**What the exercise asks**
Leave the pictures aside and copy all the data exactly.
====== Exercise inputs ======
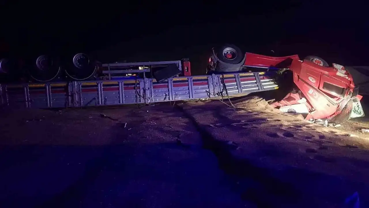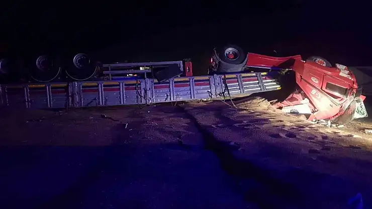 Afyonkarahisar'da sabaha karşı buğday yüklü tırın kontrolden çıkarak devrildiği anlar saniye saniye güvenlik kameralarına yansıdı. Ölen ya da yaralananın olmadığı kazada tonlarca buğday ziyan oldu.
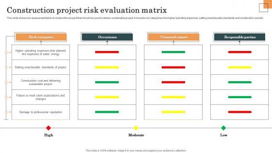 This slide shows risk assessment table of construction project that should be used to deliver sustainable project. It incudes risk categories like higher operating expenses, setting unachievable standards and construction cost etc. Pitch your topic with ease and precision using this Construction Project Risk Evaluation Matrix Survey SS. This layout presents information on Risk Assessment, Construction Project, Deliver Sustainable Project. It is also available for immediate download and adjustment. So, changes can be made in the color, design, graphics or any other component to create a unique layout. This slide shows risk assessment table of construction project that should be used to deliver sustainable project. It incudes risk categories like higher operating expenses, setting unachievable standards and construction cost etc.
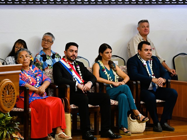 À cette occasion, plusieurs personnalités étaient présentes dans l’hémicycle, notamment le haut-commissaire, le Président de la Polynésie française et les membres de son gouvernement, les parlementaires nationaux, le président du conseil économique, social, environnemental et culturel, le procureur général, le secrétaire général du gouvernement, les chefs de service de l’assemblée, le président de la chambre de commerce, les représentants du monde patronal et des syndicats de salariés et les membres de l’Académie tahitienne.
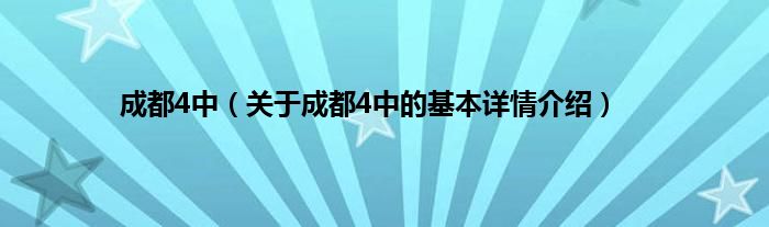 本文关于成都4中的基本详情介绍就讲解完毕,希望对大家有所帮助。
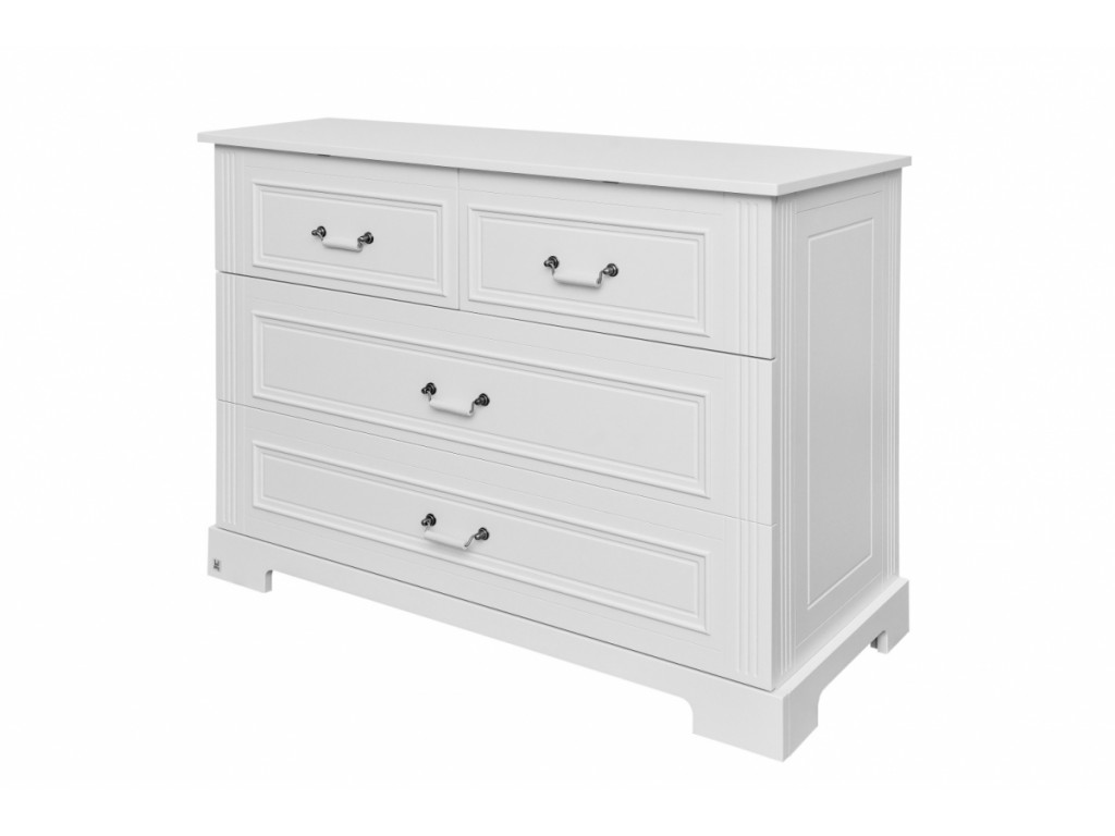 Široká 4-zásuvková komoda (2 + 1/2 + 1/2) z obľúbenej kolekcie Ines dopĺňa ponuku detského nábytku určeného pre staršie deti. Komoda Ines je vizuálne ladená do klasického štýlu. Je teda plná elegancie, ale komoda nezabúda ani na praktickú stránku veci a ide ruka v ruke s maximálnou funkčnosťou. Ideálne sa hodí do detskej izby, no uplatniť sa dokáže aj v izbe dospelých súrodencov alebo v spálni rodičov.
======
**Solution for this task**
 Afyonkarahisar'da sabaha karşı buğday yüklü tırın kontrolden çıkarak devrildiği anlar saniye saniye güvenlik kameralarına yansıdı. Ölen ya da yaralananın olmadığı kazada tonlarca buğday ziyan oldu.
 This slide shows risk assessment table of construction project that should be used to deliver sustainable project. It incudes risk categories like higher operating expenses, setting unachievable standards and construction cost etc. Pitch your topic with ease and precision using this Construction Project Risk Evaluation Matrix Survey SS. This layout presents information on Risk Assessment, Construction Project, Deliver Sustainable Project. It is also available for immediate download and adjustment. So, changes can be made in the color, design, graphics or any other component to create a unique layout. This slide shows risk assessment table of construction project that should be used to deliver sustainable project. It incudes risk categories like higher operating expenses, setting unachievable standards and construction cost etc.
 À cette occasion, plusieurs personnalités étaient présentes dans l’hémicycle, notamment le haut-commissaire, le Président de la Polynésie française et les membres de son gouvernement, les parlementaires nationaux, le président du conseil économique, social, environnemental et culturel, le procureur général, le secrétaire général du gouvernement, les chefs de service de l’assemblée, le président de la chambre de commerce, les représentants du monde patronal et des syndicats de salariés et les membres de l’Académie tahitienne.
 本文关于成都4中的基本详情介绍就讲解完毕,希望对大家有所帮助。
 Široká 4-zásuvková komoda (2 + 1/2 + 1/2) z obľúbenej kolekcie Ines dopĺňa ponuku detského nábytku určeného pre staršie deti. Komoda Ines je vizuálne ladená do klasického štýlu. Je teda plná elegancie, ale komoda nezabúda ani na praktickú stránku veci a ide ruka v ruke s maximálnou funkčnosťou. Ideálne sa hodí do detskej izby, no uplatniť sa dokáže aj v izbe dospelých súrodencov alebo v spálni rodičov.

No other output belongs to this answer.